Desse modo, podemos confrontar a concepção tipicamente schopenhaueriana de que a


felicidade seria uma ilusão, e que mesmo se possível um momento de felicidade em nossa
vida, este há de durar minimamente, abrindo sempre espaço para outro desejo que torna nossa
ínfima existência sempre uma privação de algo que queremos, e quando estes últimos são
satisfeitos, caímos num tédio, num langor, no vazio. A primeira diferença entre as duas
concepções de felicidade mostradas é que, uma por um lado é entendida como um estado,
uma determinada sensação boa que está presente naquele momento, por outro, a concepção
aristotélica compreende a felicidade como uma atividade da alma, um modo de agir próprio
que eleva a melhor parte do homem mediante as virtudes. Portanto, o próprio modo de
compreender a felicidade se distingue nas duas concepções, na visão pessimista da felicidade,
ela seria impensável como algo duradouro, visto que, as vicissitudes da vida e a própria
característica do ser humano em geral como animal que busca incessantemente, não permitem
que a felicidade seja algo permanente, que quando alcança aquilo que é desejado, sempre dá
razão a novos desejos a serem satisfeitos, ou se recai num tédio profundo. Já na compreensão
de Aristóteles, a felicidade é entendida como a finalidade da ação para o qual todo o querer
humano tende, mas aqui não existe nada de maior que a felicidade a ser desejado, ela é por si
absoluta e incondicional, visto não servir de meio para outra coisa. E ainda, a felicidade é
autossuficiente, ou seja, a vida do homem feliz que age bem e vive bem, é uma vida desejável
por si e carente de nada, indo totalmente contra a ideia de que a felicidade seria frágil por
conta do desejo incessante que toma conta de nossas vidas.

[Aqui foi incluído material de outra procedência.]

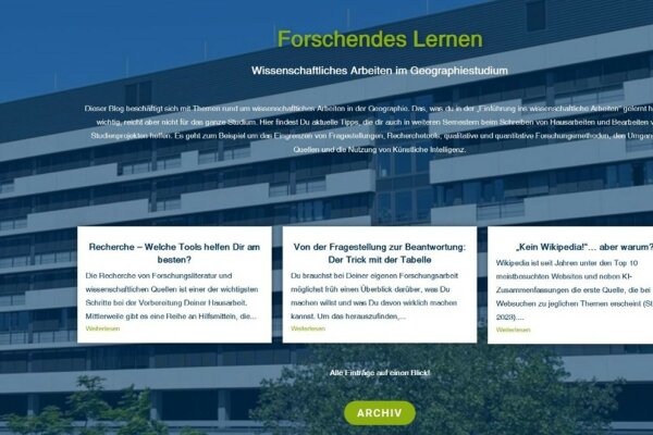Du brauchst Hilfe beim Strukturieren deiner Hausarbeit oder bist nicht zufrieden mit deinen Rechercheergebnissen? Die „Einführung ins wissenschaftliche Arbeiten“ bietet zwar einen guten Einstieg für Studierende der Geographie, sie allein bringt euch jedoch nicht durch das gesamte Studium. Unser neuer Blog Forschendes Lernen knüpft daran an, indem Themen rund ums wissenschaftliche Arbeiten vertieft werden und Studierende auch in fortgeschrittenen Semestern Tipps und Tricks zum Schreiben von Hausarbeiten und zur Bearbeitung von Studienprojekten erhalten. In den bisher veröffentlichen Beiträge geht es z. B. um KI-basierter Literaturrecherche, die systematische Beantwortung von Forschungsfragen oder die Risiken bei der Nutzung wissenschaftlich ungeeigneter Quellen wie KI-Zusammenfassungen und Wikipedia. Ihr findet den Blog hier.
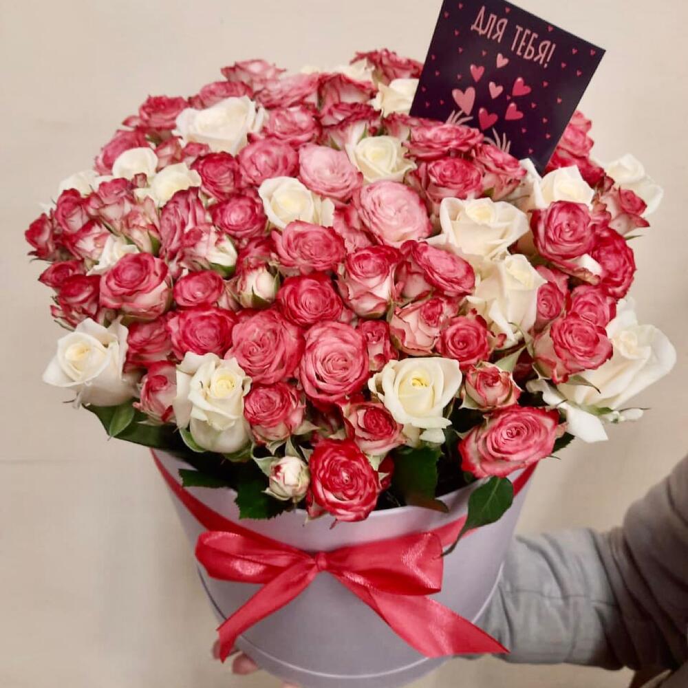 белые розы 40 см – 25 шт.кустовые розовые розы – 30 шт.шляпная коробка в ассортименте – 1 шт.Оазис флористический – 1 шт.лента в ассортименте – 1 шт.
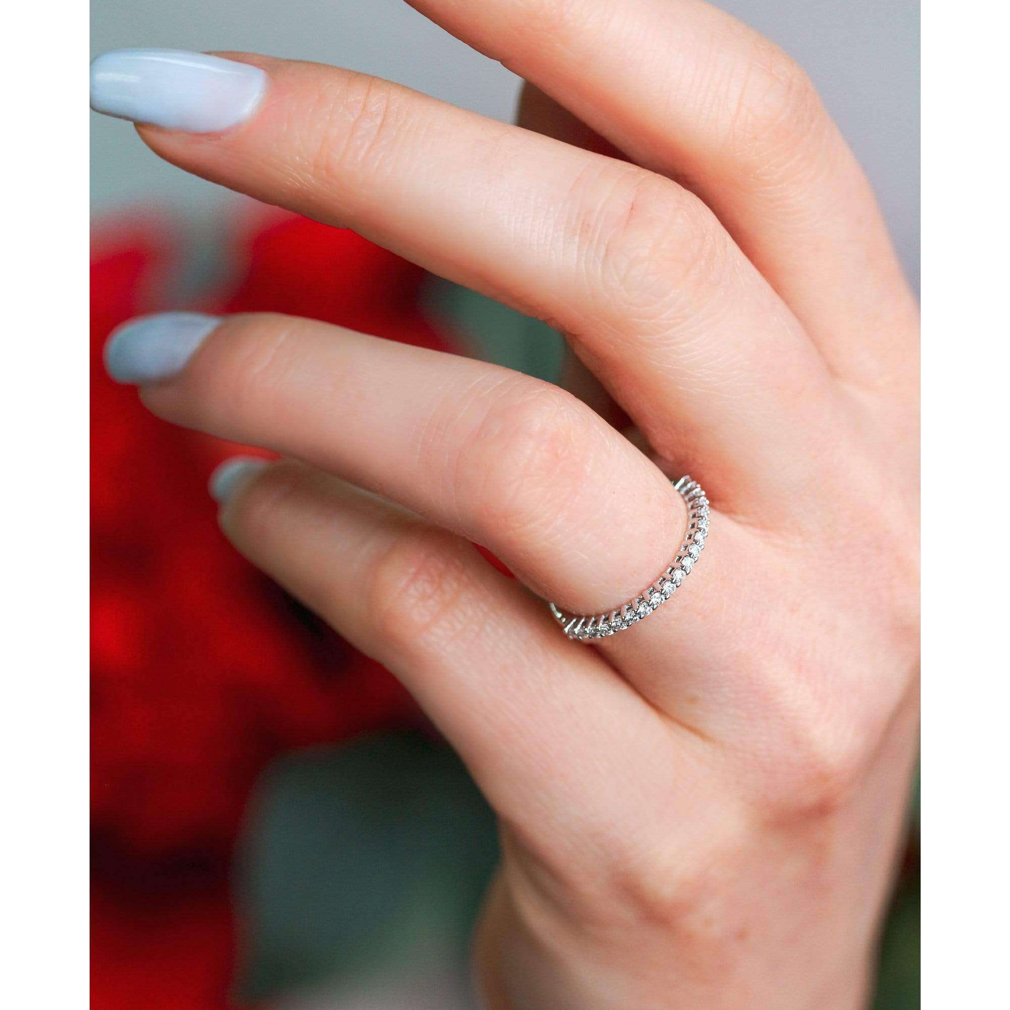 - Remember that the wider the width of the band is, the tighter it will fit. We recommend going up in size between 1/4 and 1/2 for rings with a wider design. This may also apply when wearing bridal sets and stackable rings.
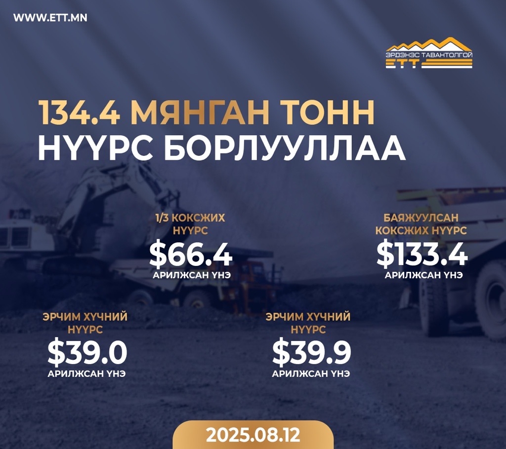 "Эрдэнэс Тавантолгой" ХК 2025 оны 8 дугаар сарын 12-ны өдөр Монголын Хөрөнгийн Биржээр дамжуулан 4 удаагийн арилжаагаар 19.2 мянган тонн баяжуулсан коксжих нүүрс, 64.0 мянган тонн 1/3 коксжих нүүрс, 51.2 мянган тонн эрчим хүчний нүүрс, нийт 134.4 мянган тонн нүүрс БНХАУ-ын Ганцмод боомт хүргэж өгөх нөхцөлөөр амжилттай арилжааллаа. Баяжуулсан коксжих нүүрсний арилжаа өрсөлдөөнтэй болж үнийг 11.5%-иар өсгөж 133.4 ам.долларт хэлцэл хийгдсэн бол 1/3 коксжих нүүрс болон эрчим хүчний нүүрсний үнийн хувьд 66.4 ам.доллар болон 39.0 ам.долларт тус тус хэлцэл хийгдлээ. Компани биржийн арилжааг эрчимжүүлэх, нүүрсний борлуулалтыг нэмэгдүүлэхэд онцгой анхаарч шат дараатай арга хэмжээнүүдийг авч хэрэгжүүлж байна. Онцгой дэглэм тогтоосноос хойш 1 сарын хугацаанд биржээр 16 удаагийн арилжаа амжилттай хийж 45.9 сая ам.долларын үнэлгээ бүхий 774.4 мянган тонн нүүрс борлуулаад байна.
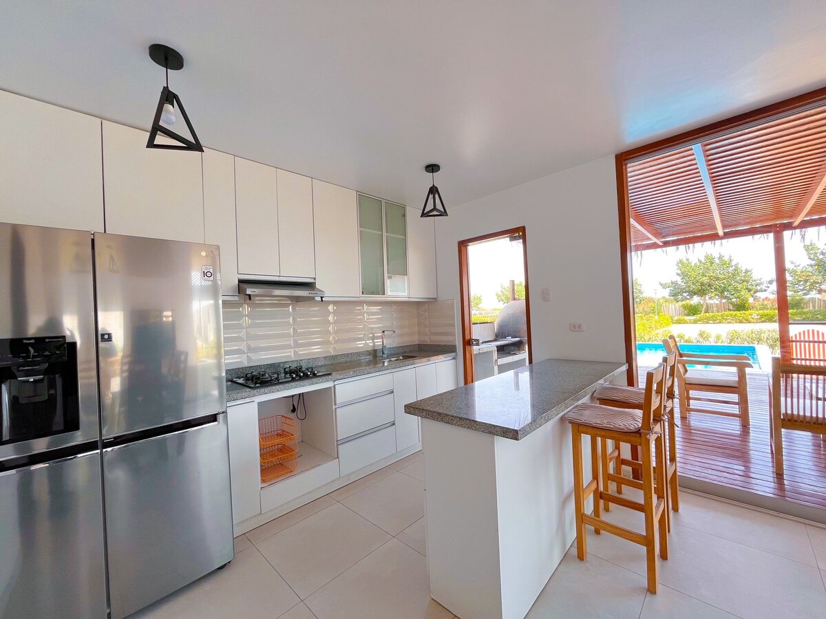 Teach fairsing agus lánfheistithe. - Codlaíonn 14 i 14 - Cistin feistithe le cuisneoir doras 02 le sorn oighir. - Seomra bia. - 02 Salas - Cúig sheomra leapa, lena n - áirítear éadaí leapa - 4.5 baños - Ardán le troscán, gríoscán, oigheann lámhdhéanta - Níochán - teilifís chábla. Wi - Fi, - Carrchlóis. - Linn snámha phríobháideach - Áiteanna coiteanna: Linn snámha, cúirt sacair agus leadóige, leadóg bhoird, farraige álainn le limistéar mór trá.

Ao analisar minha vida, que é permitida uma investigação por conta do objeto ser o
mais íntimo possível e estar completamente indissociável da própria especulação filosófica,
penso que a visão da felicidade como algo inconstante e que não pode ser durável, ou que até
mesmo, é uma ilusão de que a alcançaremos em algum momento, é uma ideia que faz mais
sentido nesses termos do que a concepção aristotélica. Ao decorrer da vida a felicidade
sempre se mostra ali, basta dois ou três passos para pegá-la, mas quando finalmente
alcançamos esta coisa, outra surge no lugar a dois passos de distância, e quando levamos a
termo toda a busca que dura uma vida, ao fim olhamos em retrospecto e surge a pergunta, em
algum momento fui feliz? Posto que tudo que alcancei se torna cotidiano, tedioso, vazio, de
forma que sempre abre espaço para novos desejos, o reconhecimento da morte e o eterno
desaparecimento do meu ser fenomênico torna a pergunta ainda mais latente.

Por outro lado, contraditoriamente, também aprecio a visão aristotélica em toda a sua
argumentação acerca da felicidade, entendida como uma atividade que é possível mediante as
virtudes que são próprias do homem, segundo a melhor e mais perfeita, distinguindo-se entre
as virtudes morais e intelectuais que são caras àqueles que encontram na filosofia, na arte, um
sentido maior para a existência, que não necessariamente será plena de felicidade e satisfação,
por conta da própria natureza humana como animal que deseja incessantemente, mas que
permitem uma brecha e um desprendimento do querer mundano.